The fact that these enzymes have been shown to facilitate the shuttling of electrons from the membrane to diverse organic terminal electron acceptors, enabling an anaerobic electron transport chain, led us to hypothesize that they might play a more widespread role in the microbial catabolism of the diversity of complex substrates available in the gut. Here, we provide an in-depth computational genomic study of the Fe-S flavoenzyme superfamily and its presence across genomes of gut microbiome-related bacteria. Using phylogenomic analyses, we show that this enzyme superfamily comprises a large sequence diversity and has particularly undergone strong evolutionary expansion in the class Clostridia, emphasizing its possible implication in different metabolic reactions in the gut. Large amounts of strain-level variation between genomes indicate that the pathways involved likely facilitate ecologically specialized functions. Finally, analysis of the enzyme content in their surrounding operons and gene clusters uncovers a wide array of putative catabolic gene clusters associated with the breakdown of diverse substrates, which provides a rich resource for uncovering novel pathways in the human microbiome and beyond.
Methods
Identification of members of the Fe-S flavoenzyme superfamily
BaiCD contains two Pfam domains, Oxidored_FMN (PF00724) and Pyr_redox_2 (PF07992). We used hmmsearch (hmmer HMMER3.1b2, February 2015; http://hmmer.org/) to identify protein sequences harbouring both domains from two databases: all bacterial sequences in GenBank (complete and draft genomes, >100 000 entries) and all sequences in RefSeq belonging to the class Clostridia (>2500 entries), as some of the Clostridia genomes in GenBank lack gene coordinate annotations. Proteins with a sequence E value ≤1×10−5 for both domains were deemed hits. The resulting set of 49 437 Fe-S flavoenzyme superfamily members was used for the analyses described in the next sections.

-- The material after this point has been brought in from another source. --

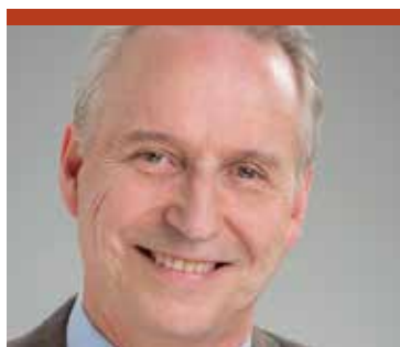
Höfundur er Ari Trausti Guðmundsson jarðvísindamaður og rithöfundur

í tilteknum miðbæ heldur á því að heimamenn leiða borgarhlutann að mestu hjá sér. Hann verður að uppsettri leikmynd, fjarri venjulegu og fjölbreyttu borgarlífi. Íbúðarhús verða gististaðir, hótél standa í röðum, sum hálfót, meirihluti verslana höfðar ekki lengur til heimamanna, afþreying er ýmist stöðluð eða beinist nær eingöngu að ferðamönnum og gríðarlegur fjöldi veitingastaða og kráa safnast fyrir á litlu svæði, miðað við fjölda viðskiptavina. Fjöldi fyrirtækja birtist hratt og hverfur álika fljótt af því að efnahagsgrunnurinn er of veikur. Á öðrum stöðum er jafnan örtröð. Mörg fyrirtæki og stofnanir sem almenningur á erindi við flytjast til annarra hverfa. Auðvitað eru víða athyglisverð fyrirtæki í allri flórunni og margir ná árangri í viðskiptum en heildarþróunin er samt sú sem æ fleiri hafa orð á og mislíkar.
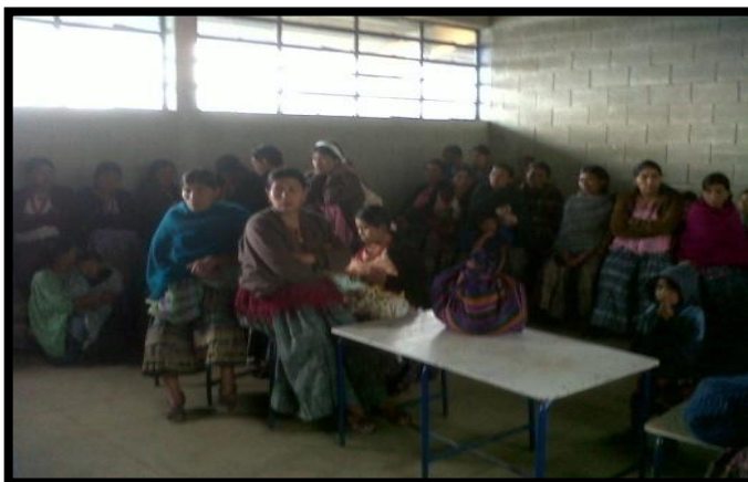
Año 2 013.

Reconstruction of an Fe-S flavoenzyme protein similarity network
The amino acid sequences of the 49 870 Fe-S flavoenzyme superfamily members were clustered using MMseqs2 [18], setting the minimum identity to 0.9. From the 1694 groups in the resulting protein similarity network, we picked five representatives of each cluster (randomly chosen when the cluster contained more than five nodes). Approximately 2500 singletons (families of size one) were also included in the subsequent analysis. We aligned the protein sequences to the Oxidored_FMN and Pyr_redox_2 Pfam domains using hmmalign (hmmer HMMER3.1b2, February 2015; http://hmmer.org/), removed the unaligned and indel regions, merged the alignments of the two domains and reconstructed a phylogeny using FastTree [19]; the midpoint root of the tree was calculated using the phytools package in R [20]. The resulting phylogenetic tree was annotated with interactive Tree of Life (iTOL) [21].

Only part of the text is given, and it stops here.